*Work to complete*
What is needed is the exact text of each line in the listing below from the one with "Součásti jejich vystoupení" up to and including the one with "février, 2026 Vente", and no pictures.

*Records shown*
[Start of Attachment]

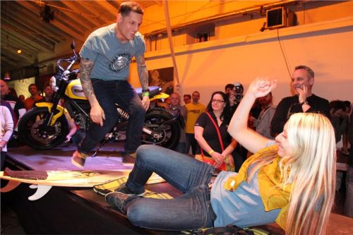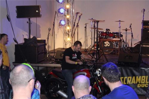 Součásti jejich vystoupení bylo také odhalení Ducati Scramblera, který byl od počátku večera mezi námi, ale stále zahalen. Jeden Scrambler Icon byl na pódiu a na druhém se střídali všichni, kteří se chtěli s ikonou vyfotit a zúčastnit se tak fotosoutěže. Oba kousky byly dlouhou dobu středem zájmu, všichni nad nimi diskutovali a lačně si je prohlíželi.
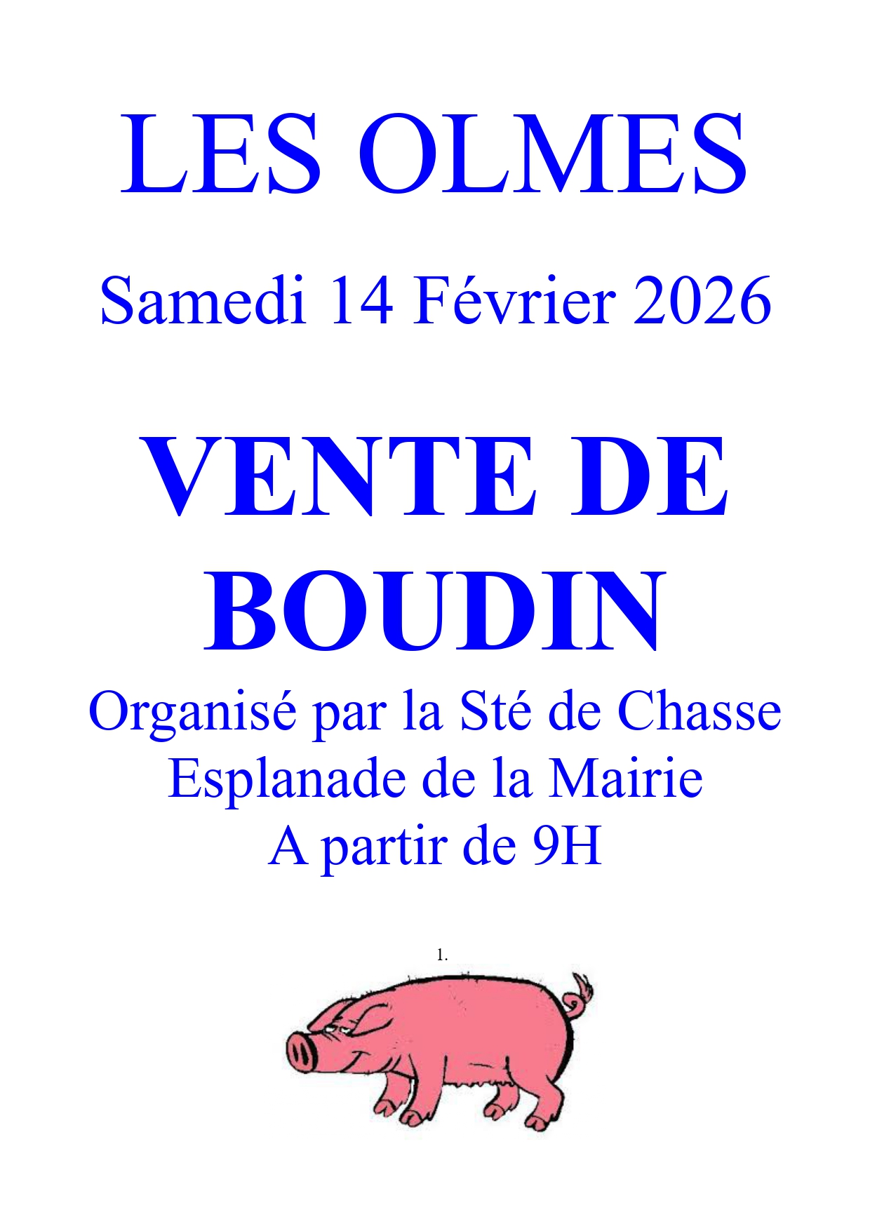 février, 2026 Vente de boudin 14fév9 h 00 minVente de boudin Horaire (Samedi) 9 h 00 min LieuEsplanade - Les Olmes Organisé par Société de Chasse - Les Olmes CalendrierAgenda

[End of Attachment]
[Start of Attachment]

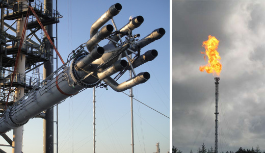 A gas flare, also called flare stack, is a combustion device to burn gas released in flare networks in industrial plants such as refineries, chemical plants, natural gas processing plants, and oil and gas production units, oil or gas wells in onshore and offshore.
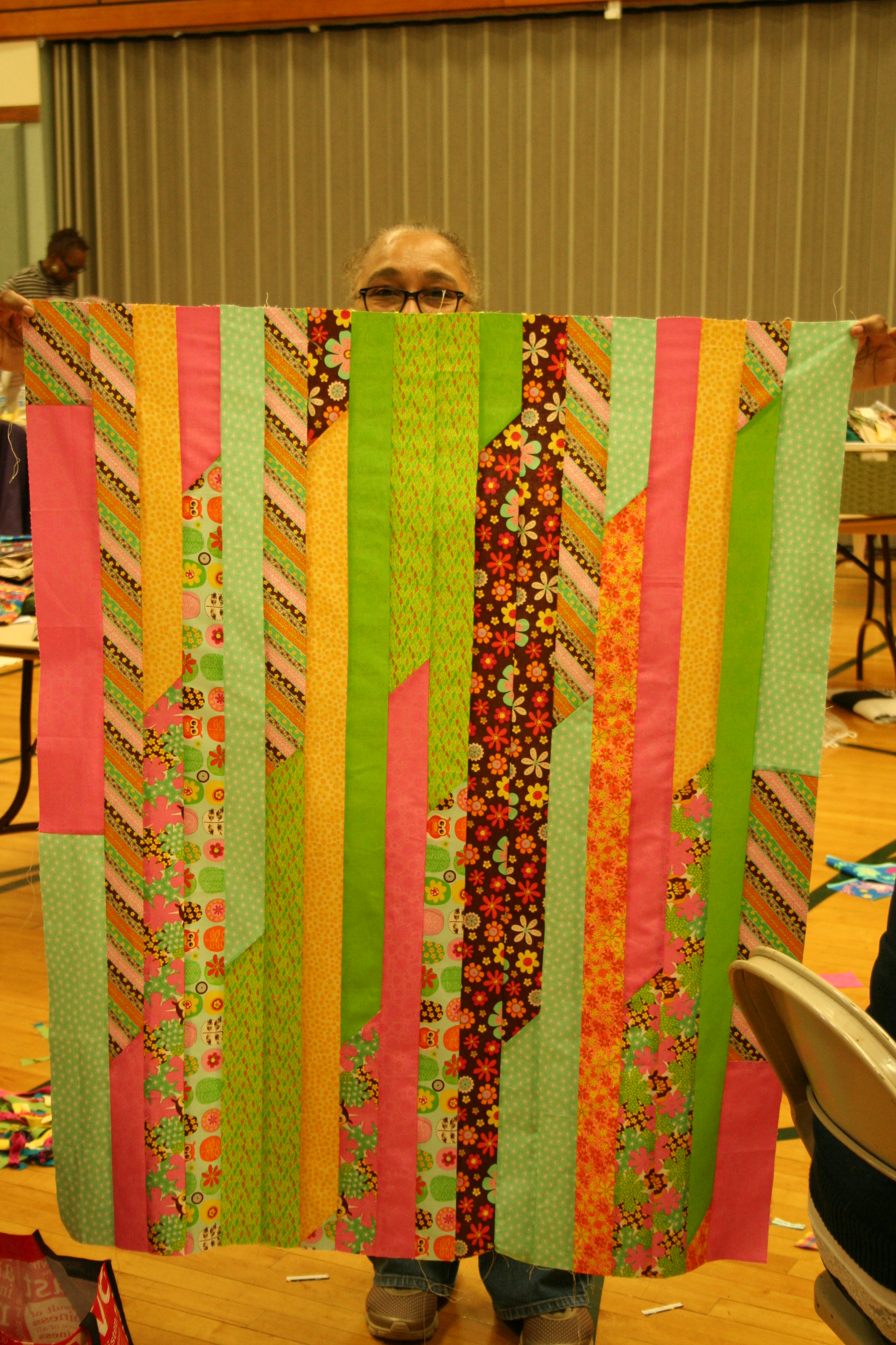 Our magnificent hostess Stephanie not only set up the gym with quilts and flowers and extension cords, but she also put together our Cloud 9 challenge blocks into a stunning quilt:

[End of Attachment]

*Response for this exercise*
 Součásti jejich vystoupení bylo také odhalení Ducati Scramblera, který byl od počátku večera mezi námi, ale stále zahalen. Jeden Scrambler Icon byl na pódiu a na druhém se střídali všichni, kteří se chtěli s ikonou vyfotit a zúčastnit se tak fotosoutěže. Oba kousky byly dlouhou dobu středem zájmu, všichni nad nimi diskutovali a lačně si je prohlíželi.
 février, 2026 Vente de boudin 14fév9 h 00 minVente de boudin Horaire (Samedi) 9 h 00 min LieuEsplanade - Les Olmes Organisé par Société de Chasse - Les Olmes CalendrierAgenda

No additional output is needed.